[Coral-List] Mat Nolan on 'Coral Fragging Should be banned'

Chad Scott marineconservationkt at gmail.com
Mon Apr 15 19:30:32 UTC 2019

Mat Nolan,

I will do my best to reply to some of your questions.
1) A quick google search can give you the answer to this, I am not sure how
to quantify it to satisfy you, but there are hundreds of news reports
describing success by groups for creating tens of thousands to hundreds of
thousands of asexually produced fragments (generally using only Acropora)
with no mention of monitoring or past success/failures. Of the 5 case
studies presented in the book *Reef Restoration Concepts and
Guidelines *(Edwards
and Gomez 2007), only two had monitoring programs extending longer than 1
year, with the longest monitoring program planned for a maximum of 5 years.
Meaning that most researchers and coral restorationists are looking
primarily only at the small scale or short-term benefits of their programs
without considering long-term consequences of reduced genetic variation. I
have here the abstracts from the 2nd Asia Pacific Coral Reef Symposium; 8
described projects using fragments collected from donor colonies, 6
described adding reef structure, only 1 focused on larvae culturing, and
none focused on the utilization of naturally formed coral fragments. Of the
poster presentations on coral nurseries or transplants; 3 used asexual
cloning from donor corals, 3 larvae culturing, 2 natural fragments, and 1
used fragments from an unlisted source.

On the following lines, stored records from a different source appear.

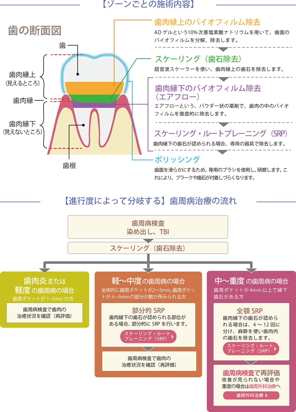 歯周病は歯と歯ぐきの間に汚れが溜まって、歯周ポケットという溝が形成され、そこに炎症が起こる病気です。サイレントディジーズ(Silent Disease)とも呼ばれ、知らず知らずのうちに症状が進行し、悪化すると歯が抜け落ちたり、全身疾患のリスクを高めたりすることが分かっています。
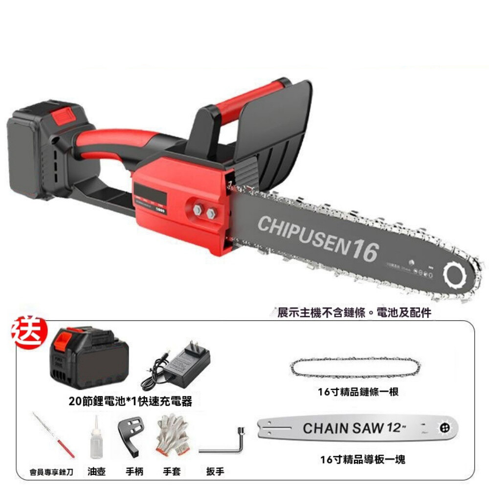 16寸鋰電大功率電鏈鋸 多功能園林伐木鋸 鋰電工具 戶外家用手持鋸 無刷軍刀鋸 電鋸 20節電池
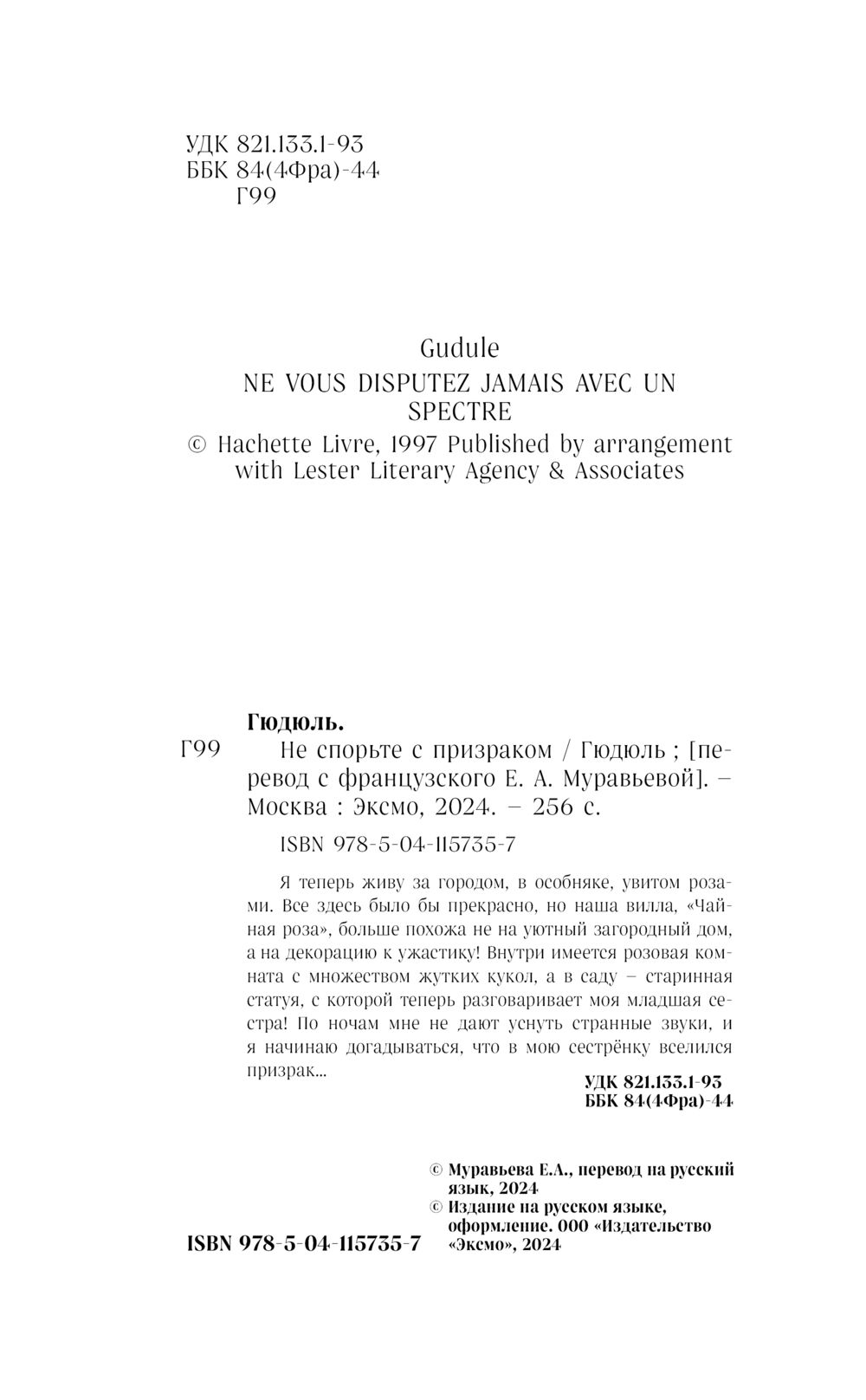 | Название в оригинале | Ne vous disputez jamais avec un spectre |
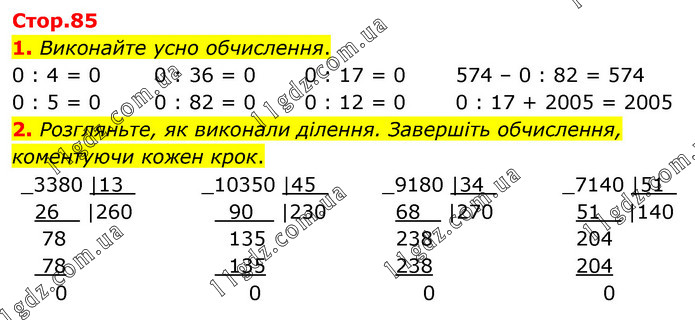 1. Виконайте усно обчислення. 0 : 4 = 0 0 : 5 = 0 0 : 36 = 0 0 : 82 = 0 0 : 17 = 0 0 : 12 = 0 574 – 0 : 82 = 574 0 : 17 + 2005 = 2005 2. Розгляньте, як виконали ділення. Завершіть обчислення, коментуючи кожен крок.
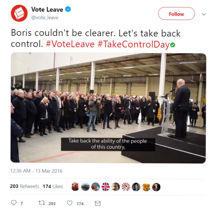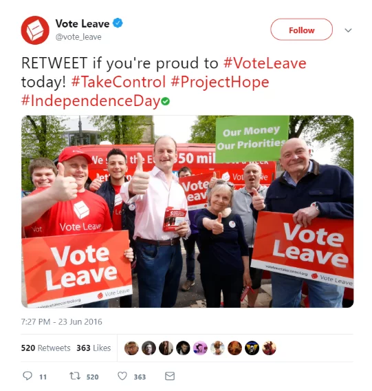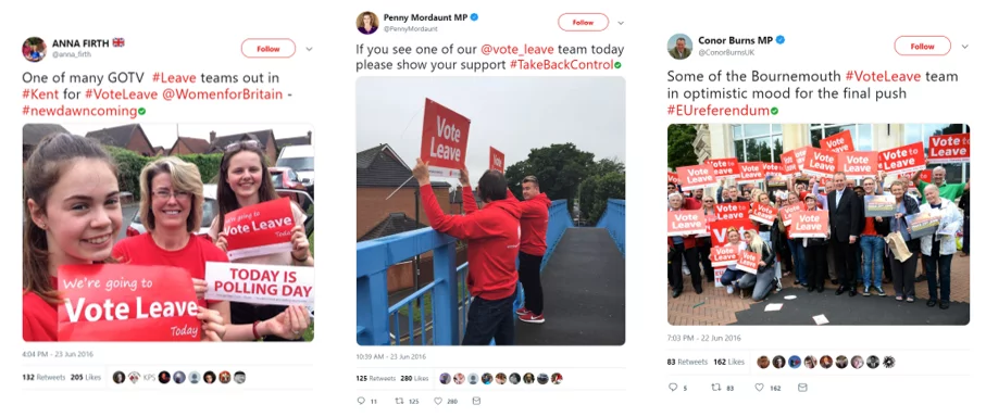 In the lead up to and on referendum day, it encouraged persons to assist the Leave campaign whatever way they could in a physical ‘offline’ sense, by re-tweeting the actions of similar persons on the official account @vote_leave to encourage similar behaviour from supporters.
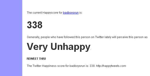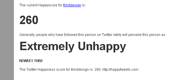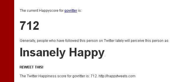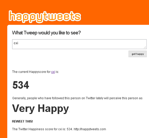 Are you a happy tweeter? How can you tell? HappyTweets is here to actually give you a ranking along with a color coded soothing feeling to the situation!
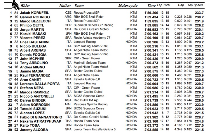 Marco Bezzecchi foi o terceiro, mas já a mais de meio segundo, enquanto Philipp Öttl e o líder do campeonato, Jorge Martín, completaram o top cinco da sessão. Nota ainda para o facto da KTM ter colocado oito motos entre os 10 primeiros contra apenas duas da rival Honda.
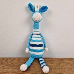 Handmade Crocheted Giraffe Plush Blue and White Soft Toy
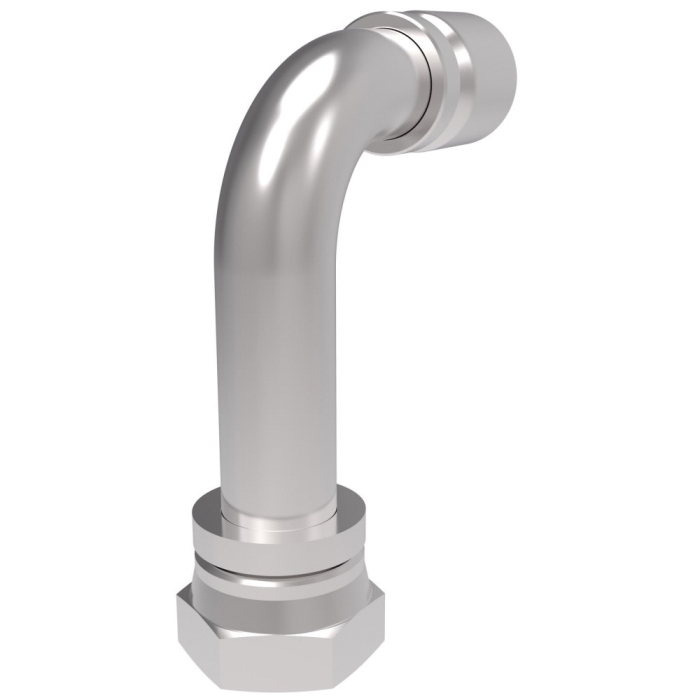 Weatherhead® Crimp Hose 90 deg Long Drop Elbow, Series: 069 E, Connection Type 1: Hose, Gender 1: Female, Connection Size 1: 1-1/4 in, Hose Dash Size: 20, Connection Type 2: 37 deg JIC Swivel, Gender 2: Female, Connection Size 2: 1-1/4 in, Nominal Size: 1-1/4 in, Thread Size 2: 1-5/8-12, Hex Size: 2 in, 5000 psi, Cut-Off Factor: 2.9 in, Material Construction: Carbon Steel, Finish: Zinc Clear Trivalent Chromate, For Use With: H059, H069, H166, H169, H229, H239, H366, and H569 Hoses, Dimensions: 5.32 in L x 2 in W x 6.86 in H, Dimension Standards: SAE 100R5

The two largest projects were from
Bali Island, Indonesia (Onaka *et al.*) and the Gulf of Thailand
(Sritongkam). The first project created 110,000 ramets of *Acropora* sp.
from an unlisted number of donor colonies and monitoring was carried out
for only 1.5 years. The second project has a goal of 80,000 ramets from
branching *Acropora *over 5 years and did not list the number of donor
colonies nor the length of monitoring.

2) your next few questions seem more rhetorical or abstract, but I think
what you are saying is I am missing the point of education and awareness
that these programs bring. I did leave that out of my article, as it is not
a trait specific to asexual propagation. In fact, using corals of
opportunity or larvae culturing can have the same educational value, and
even more so because it includes long term projections for the reef and is
based on increasing reef resilience rather than merely focusing on short
term abundance of corals. It also gives people more perspective on the
functional and structural role that individual species of corals pay and
the greater ecological implications of that, all which are ideas that can
be easily consumed by visitors and community members if discussed in the
proper way.

I agree that maybe zoning could help, and I also agree that there should be
avenues for bringing hand-on activities to non-specialists to get involved
in ocean restoration, as too many people see the problems of the ocean as
distant and not affecting them. It is important to get everybody involved
if we want to be successful in saving our oceans, and people on holiday are
a great market for that. I am in no way saying those programs should be
banned, only that their techniques need to follow the best scientific
protocols, and I do not believe fragging fits that description.